@ dominik
Hallo, Dominik,
weißt Du, ich glaube, Du mußt versuchen, diese Geschichte einmal ganz anders zu betrachten. Ich weiß, das ist nicht so einfach, wenn man verletzt, verzweifelt, traurig, wütend ist, aber versuche es einfach einmal.
Du nennst Deine Freundin z. B. eine Betrügerin, vielleicht hat sie Dir tatsächlich bewußt etwas vorgemacht (was ich aber nicht einmal glaube, das Unbewußte spielt bei allem die Hauptrolle), vielleicht war es aber auch so, daß sie selber tatsächlich meinte, Dich zu lieben, vielleicht hat sie Dich auch geliebt - und dann ist ihr eben ihre Freiheit und Unabhängig (wieder) wichtiger geworden. Man kann diese Dinge nicht steuern, daher kann man, realistisch gesehen, auch niemandem irgendeine böse Absicht unterstellen (außer es ginge eben um bewußte Entscheidungen, also daß sich jemand etwa genau überlegt, einen anderen hinters Licht zu führen).
Für Dich selber macht das aber auch keinen wirklich großen Unterschied.
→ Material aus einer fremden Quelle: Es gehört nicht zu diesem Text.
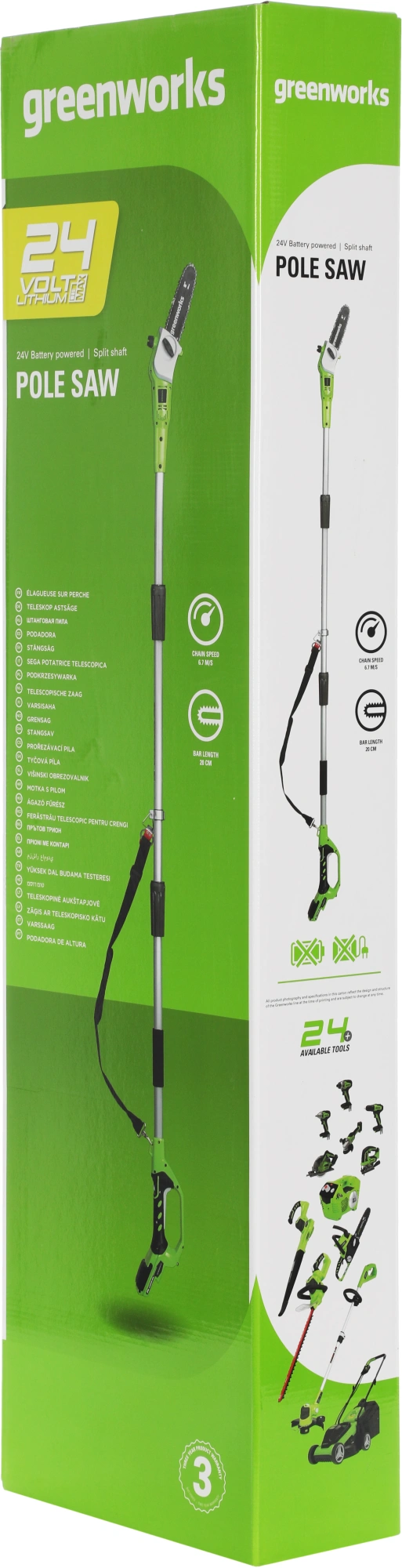 3-коленная составная штанга для работы на разных высотах. Автоматическая подача масла и смазка цепи.

Sondern Du hast die Erfahrung gemacht, daß Dich Deine Freundin verlassen hat (warum letztlich auch immer), Du hast die Erfahrung gemacht, daß das sehr weh tut, und Du wirst in der Folge die Erfahrung machen, daß man auch diesen Schmerz überlebt. Und das ist eine sehr wichtige Erfahrung! Denn macht man diese nicht, dann klammert man oft viel zu sehr, hält an einer Beziehung fest, die längst keine mehr ist, läßt sich alles gefallen, läßt sich nach Belieben manipulieren. Doch wenn man weiß - nicht etwa weil man es von anderen erfahren hat oder weil man es irgendwo gelesen hat, sondern weil man es selber erfahren hat -, daß einen eine Trennung nicht umbringt, dann reift man daran und wird erst oft dadurch überhaupt reif für eine stabile und glückliche Beziehung.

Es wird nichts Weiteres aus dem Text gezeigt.